Until the Kwinana Freeway was built to Safety Bay Road in 2002, Patterson Road was the main road to Mandurah and the South West of Western Australia from Perth. The Freeway construction has relieved pressure on the road.

==Major intersections==
All intersection below are controlled by traffic signals unless otherwise indicated.

LGA: Location; km; mi; Destinations; Notes
Kwinana: Kwinana Beach; 0; 0.0; Mason Road north/Mandurah Road south – East Rockingham, Kwinana Beach, Baldivis, Karnup; Northern terminus, continues as Rockingham Road (National Route 1) northbound. Staggered T-intersections favouring Patterson and Rockingham Roads.
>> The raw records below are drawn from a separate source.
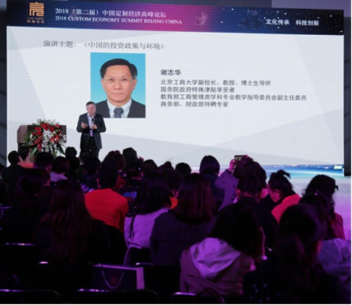 北京工商大学副校长谢志华教授热情洋溢的演讲,把听众拉回到学术碰撞中,他的《中国的投资政策与环境》从我国的投资政策与环境的角度下,对现如今的定制经济进行了独到的深刻解读。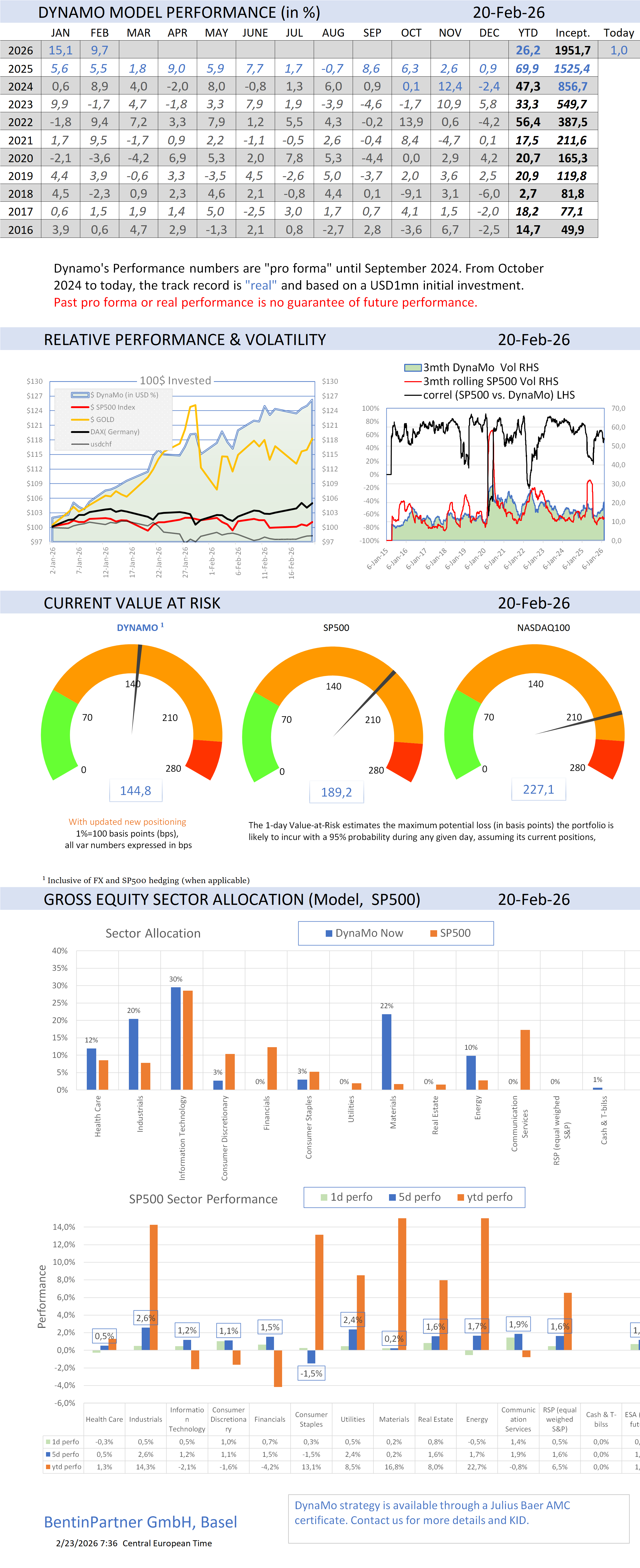 US stocks gained a little over 1% last week despite tech underperforming, more private credit woes, Fed minutes suggesting forthcoming US rate hikes “could” be as likely as rate cuts, war mongering surrounding a possible strike on Iran and Friday’s Supreme Court decision compromising or at least complicating D. Trump’s tariffs policy.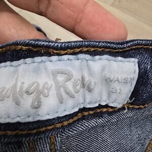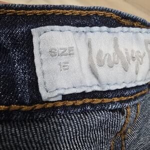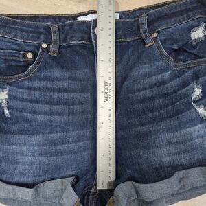 Indigo Rein Womens Distressed Denim Shorts Size 15 Dark Wash Cuffed Travel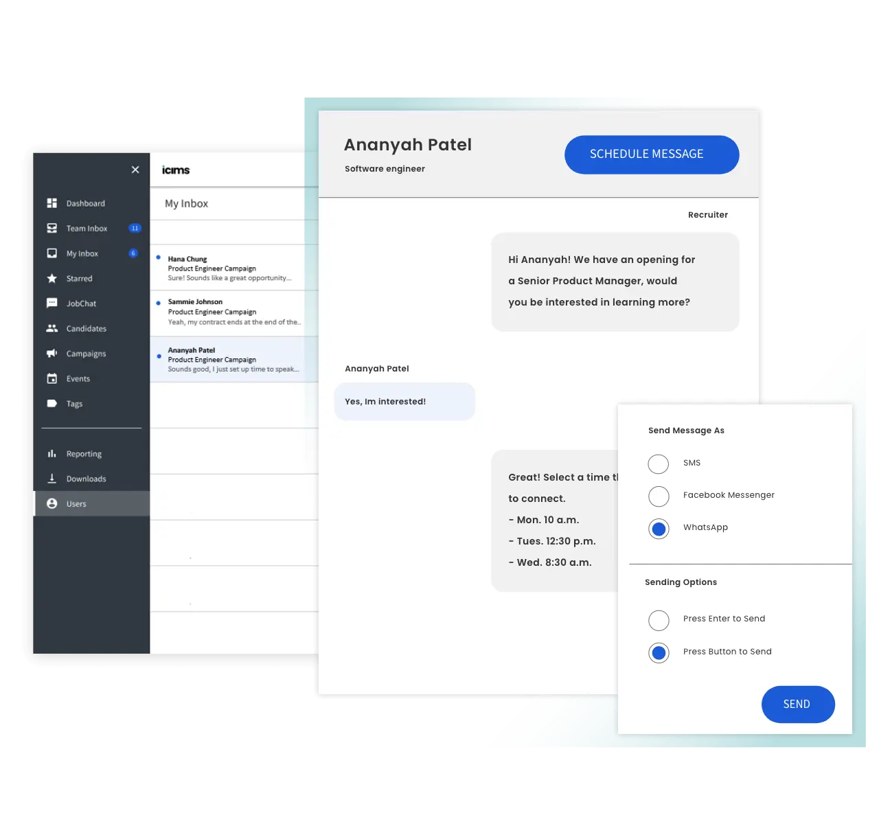 Improve recruitment efficiency by communicating with talent via the channels that resonate most, including text, chat, video and more.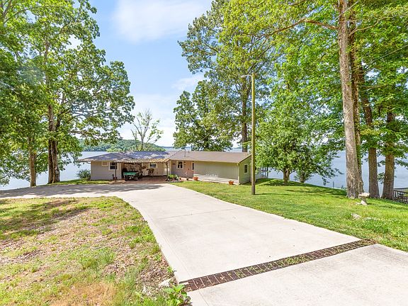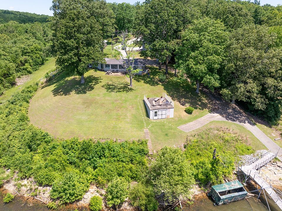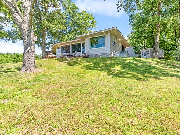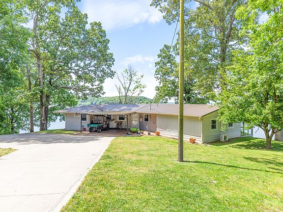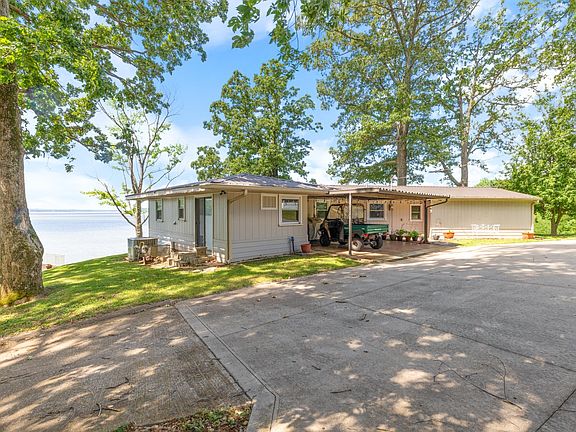 The prettiest view from Paris Landing to Pickwick! If you have been on Kentucky Lake/TN River, you know this property! You won't find another home on the river with this view and all the amenities it has to offer. Nestled in the trees with panoramic views, this property has everything you need and want. Featuring 3 bedrooms and 2 bath, a great room with incredible views, patio and screened-in porch; this lake house is what dreams are made of. There is an additional shed with electric and air, for all your tools and fishing gear. This property has a concrete drive making easy to load/unload your boat right into the water on your private ramp and private covered dock with two slips and electricity. An additional boat house is nestled into the hillside for the water toys with a patio on top for sunset viewing.

No right turn possible between Patterson Road northbound and Mandurah Road southbound
1.5: 0.93; Kwinana Beach Road (Tourist Drive 202) – Rockingham; Rockingham Coastal Drive
Kwinana–Rockingham boundary: Kwinana Beach–East Rockingham boundary; 2.2; 1.4; Office Road – Calista, Wellard.; Unsignalised intersection
Rockingham: Rockingham–East Rockingham boundary; 2.9; 1.8; Charles Street west / Alloy Avenue east
4.7: 2.9; Ennis Avenue (National Route 1) – Cooloongup, Warnbro, Mandurah; Route transition: National Route 1 continues south as Ennis Avenue; State Route 18 () north-western terminus
Rockingham: 6.3; 3.9; Dixon Road – Hillman, Kwinana Town Centre, Mundijong; Roundabout, Access to Murdoch University Rockingham Campus
6.6: 4.1; Wanliss Street north/Cessnock Way south; Roundabout
7.0: 4.3; Flinders Lane north / Read Street south – Waikiki, Secret Harbour, Golden Bay
7.5: 4.7; Parkin Street (State Route 18) west / Kent Street East – Peron, Garden Island, Shoalwater, Safety Bay; South-western terminus, continues north as Railway Terrace to end at Harrison Street/Rockingham Beach Road (Tourist Drive 202).